While PCV programs have effectively reduced the burden of disease in many countries, the cost of the vaccine remains a major concern in both affluent and resource-poor settings. This issue has taken on particular urgency as some lower-income countries “graduate” from being eligible for financial support from the Global Alliance for Vaccines and Immunization (6).
To reduce costs while maintaining widespread use of the vaccine, there has been interest in reducing the number of doses of PCV delivered to children (7–9). Such a strategy could be used in populations that have already achieved strong reductions in disease because of the vaccine. Currently, most countries use either a 3 + 0 schedule (3 doses in the first 6 months of life, no booster dose) or a 2 + 1 schedule (2 doses in the first 6 months of life, 1 booster dose administered at 9–15 months of age). The newly proposed schedule would include just 1 primary dose and 1 booster dose (1 + 1). This schedule is being considered in the United Kingdom and is being evaluated by the World Health Organization. Reduced-dose schedules have been shown to be immunogenic (8, 10, 11). However, because of the importance of indirect protection that results from the use of PCVs, it would be desirable for any new dosing strategy to be able to maintain indirect protection (7).
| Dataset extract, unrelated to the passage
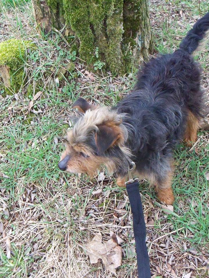 Piesek starszy, który chodził 11.03 po nowej drodze na Słonawy w Obornikach. Miał na sobie adresówkę ale nr który na niej widnieje jest błędny:(((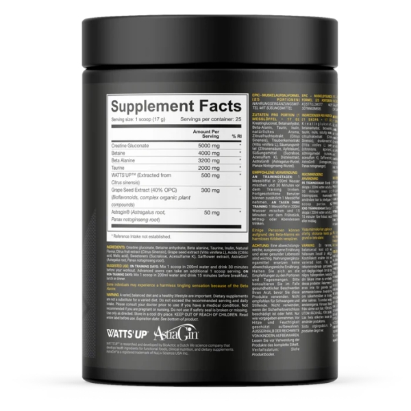 EPICTM contine dozele potrivite de creatina, beta alanina, betaina si alte ingrediente avansate, care lucreaza la fel ca tine. Combinatia unica de ingrediente in dozele lor specifice fac din acest supliment un produs unic.

To consider this issue, it is critical to determine which groups of young children contribute most to the indirect benefit of the vaccine for unimmunized adults. Epidemiologic and modeling studies of transmission focused on households and day-care centers suggest that toddlers and older children, rather than infants, drive transmission in the population (12–15). Likewise, the decline in IPD due to vaccine-targeted serotypes in adults is delayed and slower than the decline observed in vaccinated children (16). This might indicate that the transmission benefit (i.e., indirect effect) of vaccinating children during the first year of life is not realized until a few years later when those children reach an older age group.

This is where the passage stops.